WHAT TO WORK ON: Output the data word for word, dropping every image.

INPUT DATA:
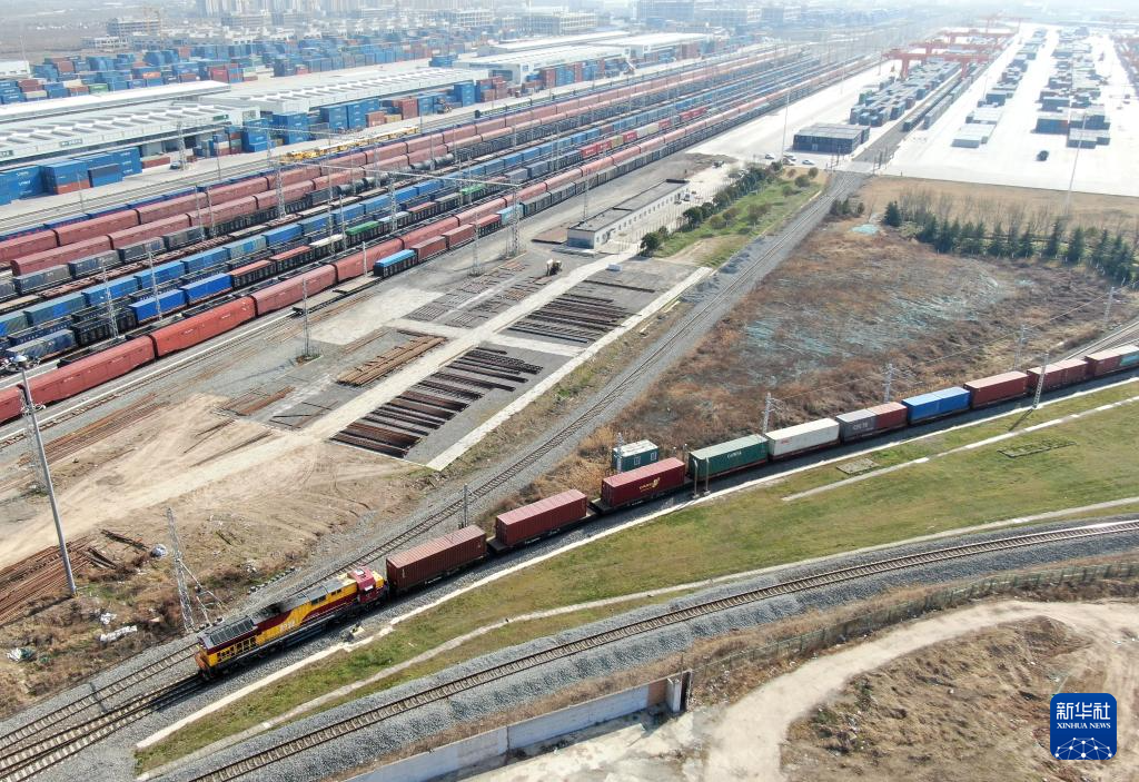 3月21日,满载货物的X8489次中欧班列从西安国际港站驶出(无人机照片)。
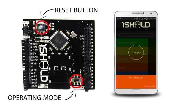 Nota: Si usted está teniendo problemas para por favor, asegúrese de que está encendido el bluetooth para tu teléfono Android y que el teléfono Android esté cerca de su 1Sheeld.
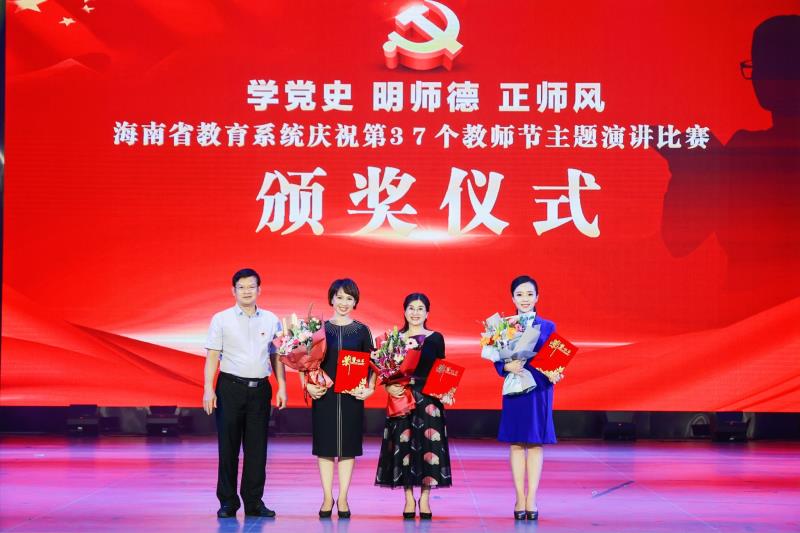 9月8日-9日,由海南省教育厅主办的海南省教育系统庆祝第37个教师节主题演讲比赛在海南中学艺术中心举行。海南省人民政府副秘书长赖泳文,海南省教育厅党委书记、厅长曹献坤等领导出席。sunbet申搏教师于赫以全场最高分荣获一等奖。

ANSWER TO THIS PROBLEM:
 3月21日,满载货物的X8489次中欧班列从西安国际港站驶出(无人机照片)。
 Nota: Si usted está teniendo problemas para por favor, asegúrese de que está encendido el bluetooth para tu teléfono Android y que el teléfono Android esté cerca de su 1Sheeld.
 9月8日-9日,由海南省教育厅主办的海南省教育系统庆祝第37个教师节主题演讲比赛在海南中学艺术中心举行。海南省人民政府副秘书长赖泳文,海南省教育厅党委书记、厅长曹献坤等领导出席。sunbet申搏教师于赫以全场最高分荣获一等奖。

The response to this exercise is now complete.